Gluten-Free Pizza Crust and Focaccia Bread Recipes
Dear Reader,
I know this falls very far away from my typical blog posts. However, I have food allergies and intolerances, and I deeply appreciate when others share their wisdom and recipes in this realm. For some time now, I’ve been trying to “give back” in a way by sharing the recipes I frequently use and love on my Instagram stories. But when it comes to pizza crust? Well, after trying many recipes, I took the time to develop my own. And it worked amazingly. The crust tastes good. It’s not dry. There are air bubbles – something not often found in gluten free baked goods!
There was one time, though, when I was playing around with the recipe and added a little too much leavening for John’s liking. However, he suggested that doing it that way could create a flatbread or focaccia, so I decided to try it out! Lo and behold, I was able to adapt my recipe into a focaccia bread.

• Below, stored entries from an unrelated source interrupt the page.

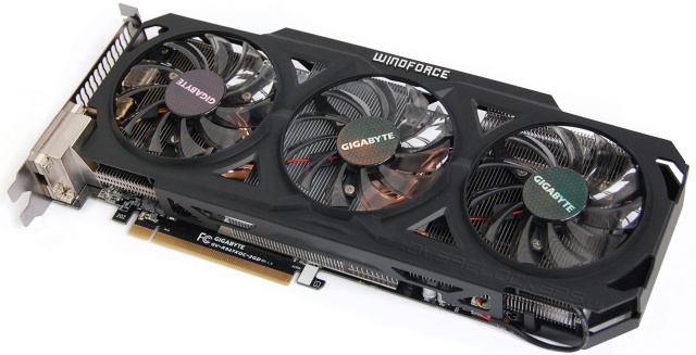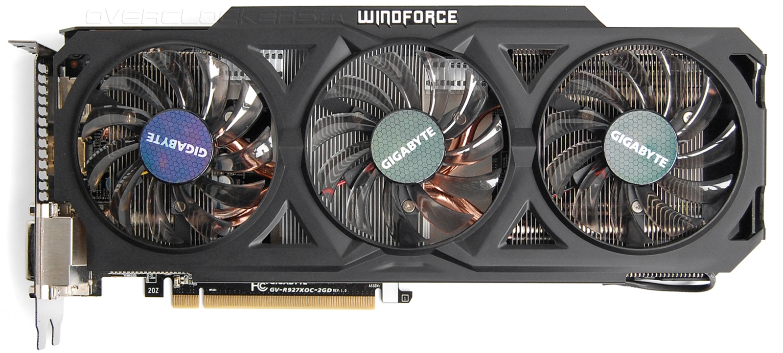 Видеокарта выглядит вполне традиционно для старших моделей Gigabyte, оснащенных системой охлаждения Windforce с тремя вентиляторами.
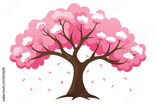 Fototapeta premium Flowering Cherry Tree with Pink Blooms on Transparent Background
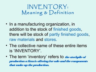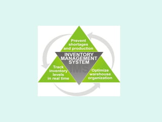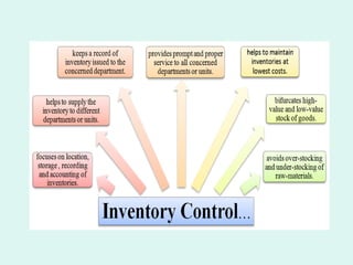 1. The document discusses inventory management techniques like ABC analysis and economic order quantity model. ABC analysis classifies inventory items into A, B and C categories based on their value and economic order quantity determines the optimal order quantity that minimizes total inventory costs.
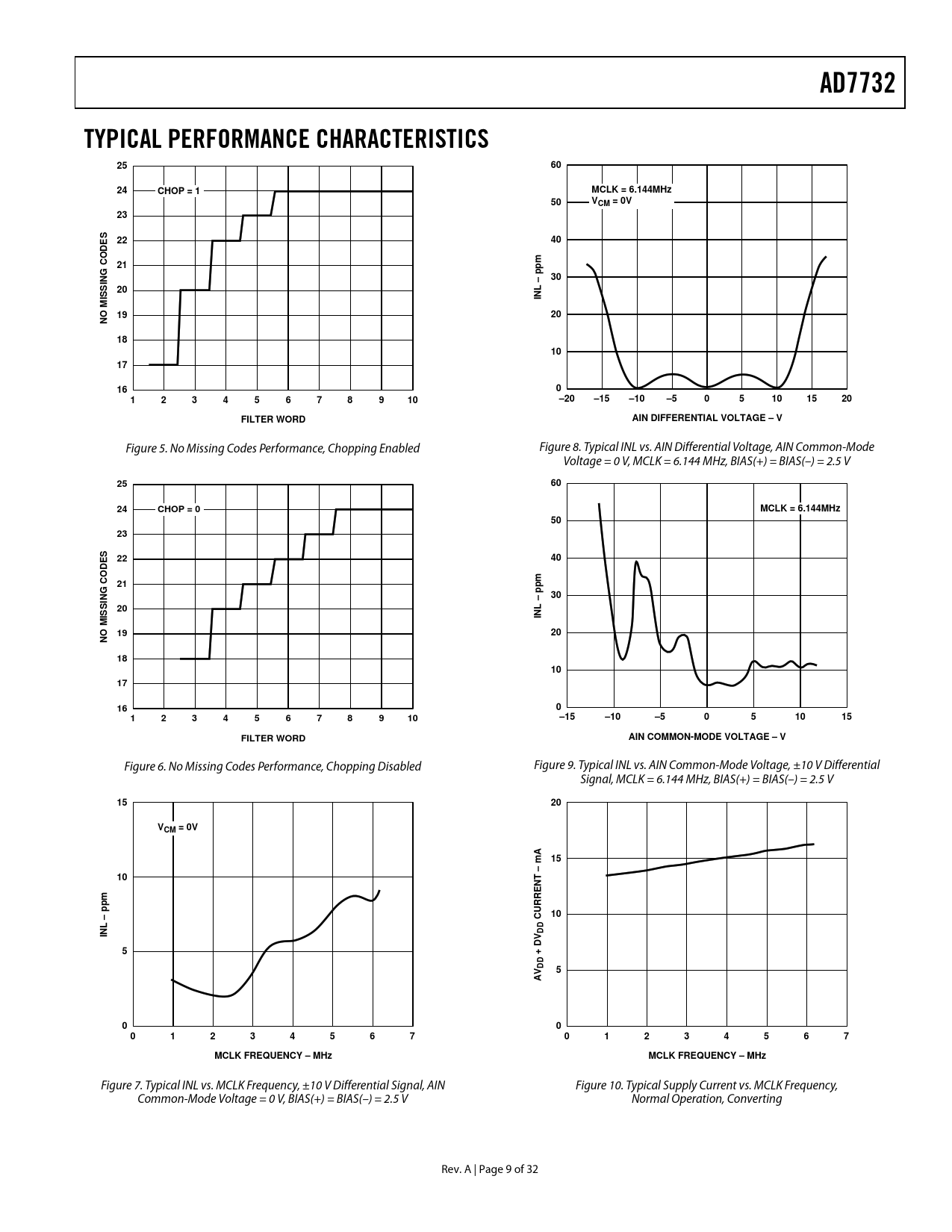 AD7732TYPICAL PERFORMANCE CHARACTERISTICS256024CHOP = 1MCLK = 6.144MHz50VCM = 0V23S224021ppm –30ING CODE S20INL1920NO MIS18101716012345678910–20–15–10–505101520FILTER WORDAIN DIFFERENTIAL VOLTAGE – V Figure 5. No Missing Codes Performance, Chopping Enabled Figure 8. Typical INL vs. AIN Differential Voltage, AIN Common-Mode Voltage = 0 V, MCLK = 6.144 MHz, BIAS(+) = BIAS(–) = 2.5 V 256024CHOP = 0MCLK = 6.144MHz5023S224021ppm –30ING CODE S20INL1920NO MIS18101716012345678910–15–10–5051015FILTER WORDAIN COMMON-MODE VOLTAGE – V Figure 6. No Missing Codes Performance, Chopping Disabled Figure 9. Typical INL vs. AIN Common-Mode Voltage, ±10 V Differential Signal, MCLK = 6.144 MHz, BIAS(+) = BIAS(–) = 2.5 V 1520VCM = 0V15– mA10NTppm –10CURREINLDD5+ DVDD5AV000123456701234567MCLK FREQUENCY – MHzMCLK FREQUENCY – MHz Figure 7. Typical INL vs. MCLK Frequency, ±10 V Differential Signal, AIN Figure 10. Typical Supply Current vs. MCLK Frequency, Common-Mode Voltage = 0 V, BIAS(+) = BIAS(–) = 2.5 V Normal Operation, Converting Rev. A | Page 9 of 32 Document Outline FEATURES APPLICATIONS GENERAL DESCRIPTION FUNCTIONAL BLOCK DIAGRAM REVISION HISTORY AD7732—SPECIFICATIONS Table 1. (–40°C to +105°C; AVDD = 5 V ± 5%; DVDD = 2.7 V to 3.6 V, or 5 V ± 5%; BIAS (all), REFIN(+) = 2.5 V; REFIN(–) = AGND; RA, RB, RC, RD open circuit; AIN Range = ±10 V; fMCLKIN = 6.144 MHz; unless otherwise noted.) TIMING SPECIFICATIONS Table 2. (AVDD = 5 V ± 5%; DVDD = 2.7 V to 3.6 V, or 5 V ± 5%; Input Logic 0 = 0 V; Logic 1 = DVDD; unless otherwise noted.) ABSOLUTE MAXIMUM RATINGS Table 3. TA = 25°C, unless otherwise noted. TYPICAL PERFORMANCE CHARACTERISTICS OUTPUT NOISE AND RESOLUTION SPECIFICATION Chopping Enabled Table 4. Typical Output RMS Noise in µV vs. Conversion Time and Input Range with Chopping Enabled Table 5. Typical Effective Resolution in Bits vs. Conversion Time and Input Range with Chopping Enabled Table 6. Typical Peak-to-Peak Resolution in Bits vs. Conversion Time and Input Range with Chopping Enabled Chopping Disabled Table 7. Typical Output RMS Noise in µV vs. Conversion Time and Input Range with Chopping Disabled Table 8. Typical Effective Resolution in Bits vs. Conversion Time and Input Range with Chopping Disabled Table 9. Typical Peak-to-Peak Resolution in Bits vs. Conversion Time and Input Range with Chopping Disabled PIN CONFIGURATIONS AND FUNCTIONAL DESCRIPTIONS Table 10. Pin Function Descriptions—28-Lead TSSOP REGISTER DESCRIPTION Table 11. Register Summary Table 12. Operational Mode Summary Table 13. Input Range Summary Register Access Communications Register Table 14. I/O Port Register Revision Register Test Register ADC Status Register Checksum Register ADC Zero-Scale Calibration Register ADC Full-Scale Register Channel Data Registers Channel Zero-Scale Calibration Registers Channel Full-Scale Calibration Registers Channel Status Registers Channel Setup Registers Table 15. Channel Conversion Time Registers Mode Register DIGITAL INTERFACE DESCRIPTION Hardware Reset Access the AD7732 Registers Single Conversion and Reading Data Dump Mode Continuous Conversion Mode Continuous Read (Continuous Conversion) Mode CIRCUIT DESCRIPTION Analog Front End Analog Input’s Extended Voltage Range Table 16. Extended Input Voltage Range, Nominal Voltage Range ±10 V, 16 Bits, CLAMP = 0 Table 17. Extended Input Voltage Range, Nominal Voltage Range 0 V to +10 V, 16 Bits, CLAMP = 0 Chopping Multiplexer, Conversion, and Data Output Timing Sigma-Delta ADC Frequency Response Voltage Reference Inputs Reference Detect I/O Port Calibration ADC Zero-Scale Self-Calibration Per Channel System Calibration High Common-Mode Voltage Application OUTLINE DIMENSIONS Ordering Guide
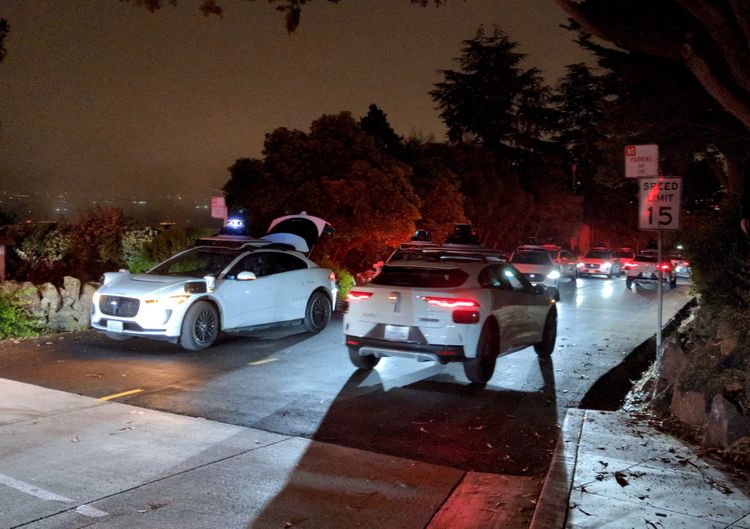 Binnen enkele minuten rolden tientallen witte Jaguar I-Paces met draaiende LiDAR-torens de heuvel op. Ze stonden bumper-aan-bumper, blokkeerden het smalle straatje en ontnamen andere weggebruikers iedere kans op doorrijden. De auto’s wachtten ongeveer tien minuten op hun niet-bestaande passagiers en vertrokken daarna automatisch. Iedere rit resulteerde in een no-show-boete van omgerekend 4,33 euro. Waymo schakelde daarop tijdelijk alle ritten binnen twee huizenblokken uit, tot de volgende ochtend.
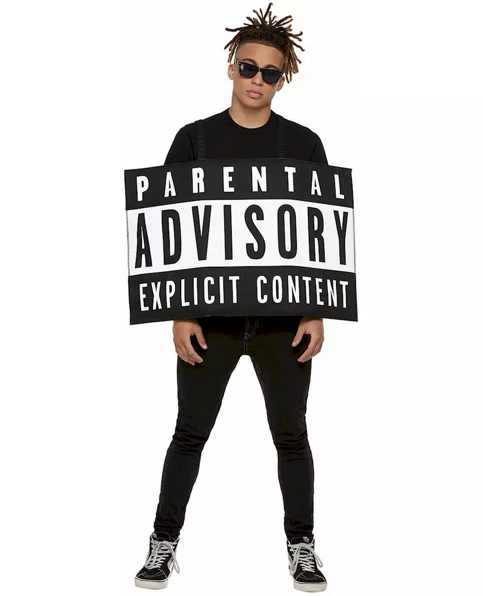 Vær oppmerksom på språkbruken! Dette humoristiske foreldrerådgivningskostymet er for voksne. Det inkluderer kun en brystbeskytter. Brystbeskytteren er hvit og svart i fargen og rektangulær i formen. Den inneholder inskripsjonen «Parental Advisory Explicit Content». Den er enkel å plassere ved hjelp av de to svarte stroppene som går over skuldrene. Dette kostymet vil være ideelt for å fullføre en humoristisk kveld med venner! Inkludert tilbehør: 1 brystbeskytter Materiale: 100 % polyester Pleie: Håndvask
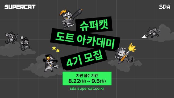 [서울=뉴시스]최은수 기자 = 슈퍼캣은 미래의 도트 아티스트 양성을 위한 채용 연계형 교육 프로그램 ‘슈퍼캣 도트 아카데미(SDA)’의 4기 수강생을 모집한다고 23일 밝혔다.
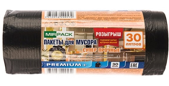 Мешки для мусора «PREMIUM+» 30л, 20мкм, ПСД (1рулон-30шт)

A stand mixer with the knead attachment is my preferred way of making this. However, it is possible to mix it by hand, as there really isn’t any kneading that has to happen in a gluten free recipe, since there’s no gluten to knead. I just like using the stand mixer better because it’s easier!
So without further ado, here are the recipes for my gluten free pizza crust and gluten free focaccia bread!
Gluten Free Pizza Crust
Ingredients:
2 1/2 cups gluten free 1:1 ratio flour (I use King Arthur Gluten Free Measure for Measure)
1 packet dry active yeast (2 1/4 teaspoons)
1 tablespoon sugar
1 1/4 cups warm water
1 teaspoon salt
1 tablespoon olive oil, plus a little more for brushing
2 teaspoons baking powder
Instructions:
Preheat oven to 350ºF.
Sprinkle yeast over warm water. Add sugar and let stand for five minutes.
Combine flour, salt, and baking powder. Add olive oil and the water/yeast/sugar mixture. Mix well. The dough should be very moist and sticky.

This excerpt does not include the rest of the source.